# What to produce
Exact reproduction is required for the lines below starting at the line with "imageFineDine Water Bottle" and ending at the line with "3모드 기계식 키보드", both included. No other lines, and no pictures.

# Recorded data
----

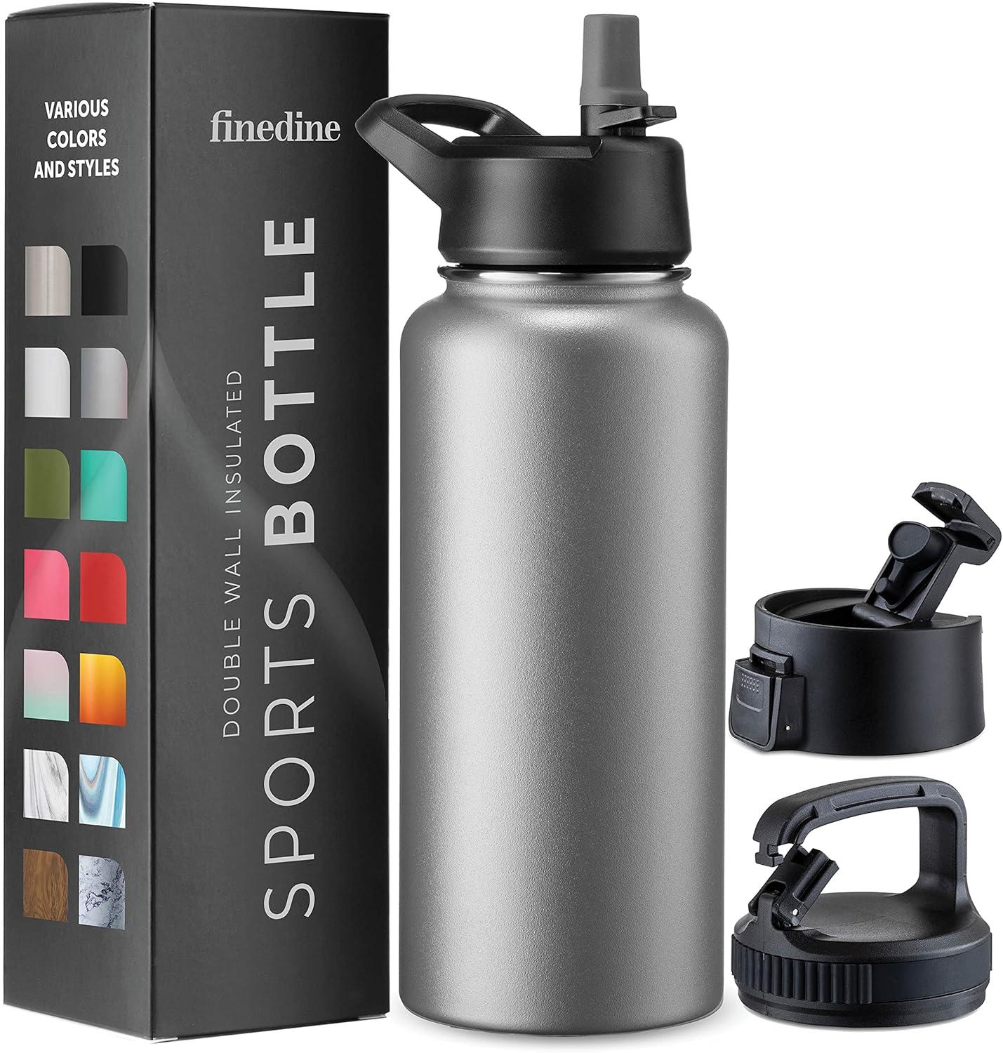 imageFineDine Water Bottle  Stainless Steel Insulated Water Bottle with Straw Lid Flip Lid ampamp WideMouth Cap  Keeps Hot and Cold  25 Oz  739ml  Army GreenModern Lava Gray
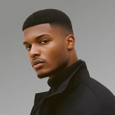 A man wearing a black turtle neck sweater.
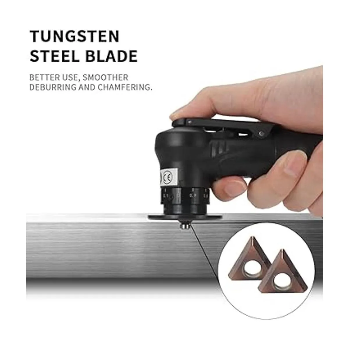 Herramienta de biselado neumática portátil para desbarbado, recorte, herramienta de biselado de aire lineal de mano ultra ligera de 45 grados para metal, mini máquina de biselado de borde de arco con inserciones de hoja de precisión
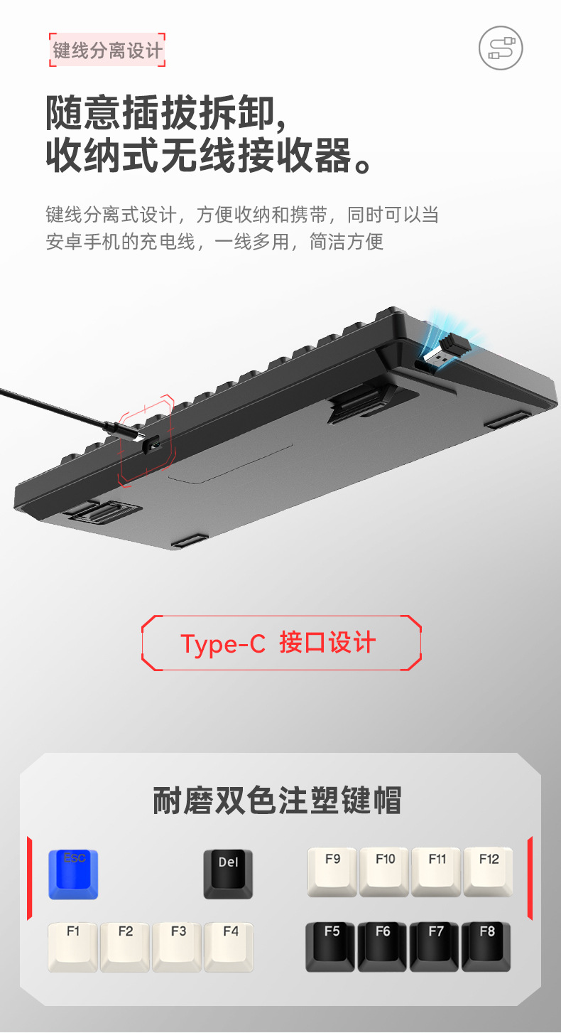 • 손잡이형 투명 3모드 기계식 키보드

----

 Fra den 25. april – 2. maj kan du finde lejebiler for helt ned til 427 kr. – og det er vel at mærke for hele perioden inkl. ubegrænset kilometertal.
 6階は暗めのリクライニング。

----

# Answer to the problem
 imageFineDine Water Bottle  Stainless Steel Insulated Water Bottle with Straw Lid Flip Lid ampamp WideMouth Cap  Keeps Hot and Cold  25 Oz  739ml  Army GreenModern Lava Gray
 A man wearing a black turtle neck sweater.
 Herramienta de biselado neumática portátil para desbarbado, recorte, herramienta de biselado de aire lineal de mano ultra ligera de 45 grados para metal, mini máquina de biselado de borde de arco con inserciones de hoja de precisión
 • 손잡이형 투명 3모드 기계식 키보드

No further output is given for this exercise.